With our predictions, we can make a basic graph as in Figure 2.
preds |>
ggplot(aes(age, .fitted, color = condition)) +
geom_line() +
geom_line(aes(y = .lwr), lty = "dashed", linewidth = .25) +
geom_line(aes(y = .upr), lty = "dashed", linewidth = .25) +
scale_color_brewer(palette = "Set1") +
geom_point(data = dat, aes(age, outcome), alpha = .1) +
labs(x = "Age (in years)",
y = "Outcome") +
annotate(geom = "text", label = "Treated units", x = 70, y = 65, color = "#377eb8") +
annotate(geom = "text", label = "Control units", x = 70, y = 45, color = "#e41a1c") +
theme(legend.position = "none")
Notice how this graphs the predicted outcome across age but for Western females only. Alternatively, we could average over predictions from different subgroups to calculate the marginal effects. The marginaleffects
package has a nice suite of functions to help us do just that.

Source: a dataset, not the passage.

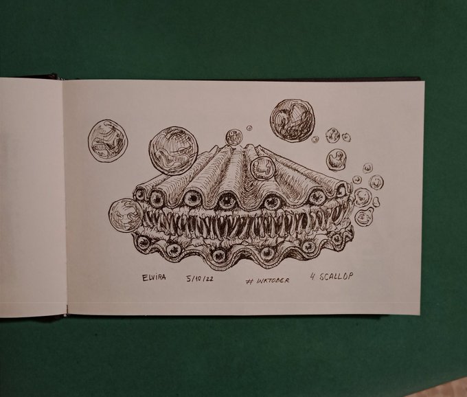 Bueno, aquí va el dibujo de ayer, era más feliz antes de buscar imágenes de Vieras. 😅 #inktober2022 #inktober2022day4 #Scallop
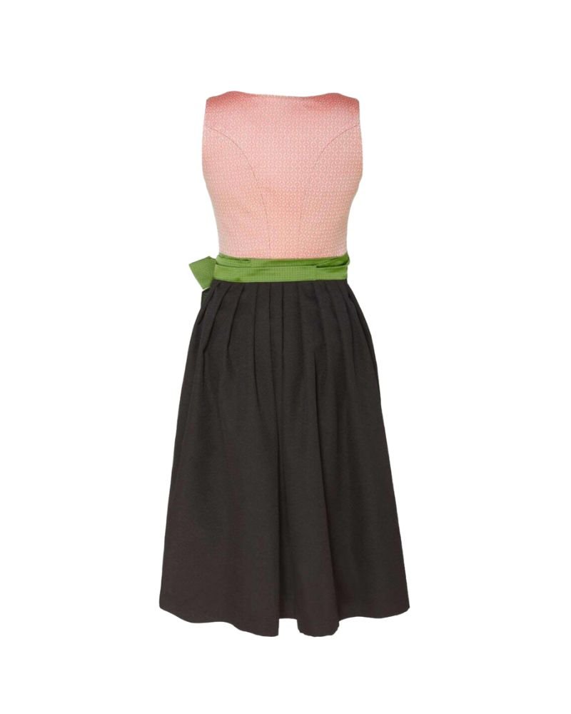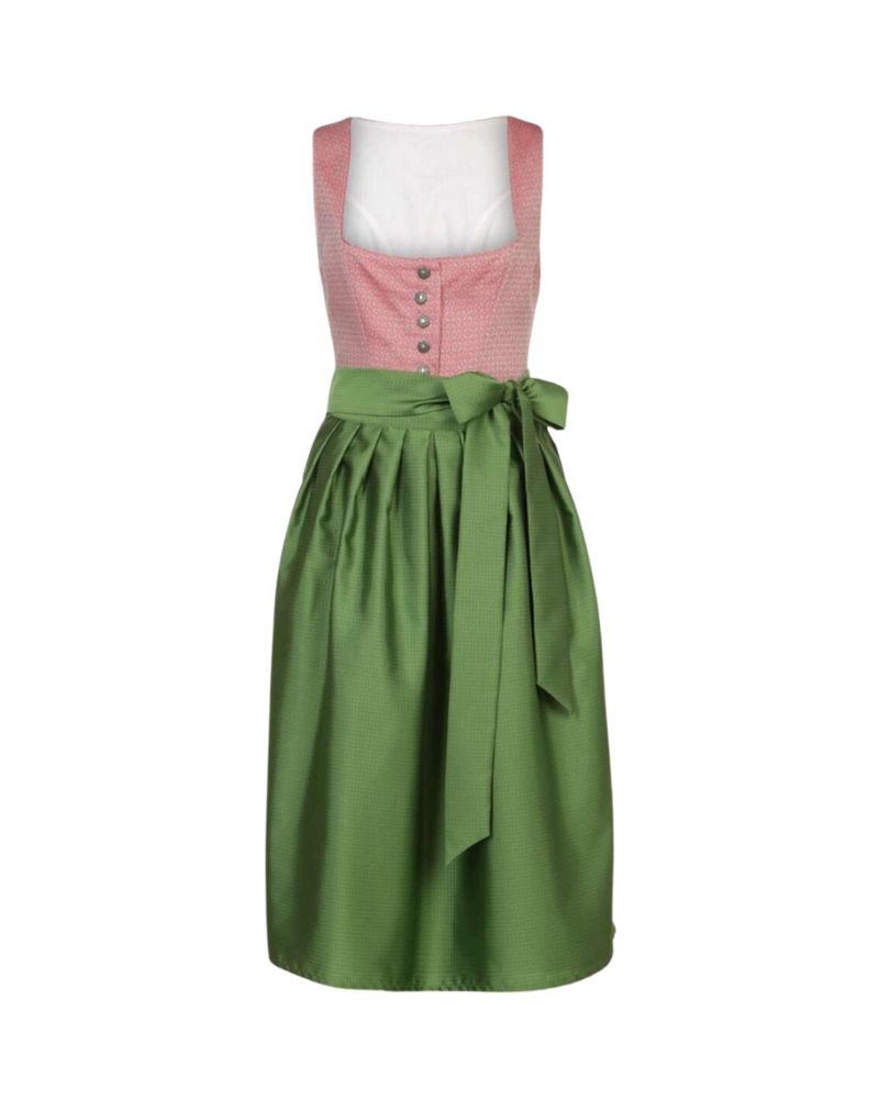 • Vintage-inspired dirndl in rose pink with moss green apron and classic long length

RCTs are commonly used to test for causal relationships and knowing the basics in terms of presentation is therefore essential. In this post, I have shown how to use R to calculate and present some of the most common tables and figures used for RCTs. Now you’re ready to present your next RCT!
Coppock, A. (2021). Visualize as you randomize. Advances in experimental political science.
Healy, K. (2018). Data visualization: a practical introduction. Princeton University Press.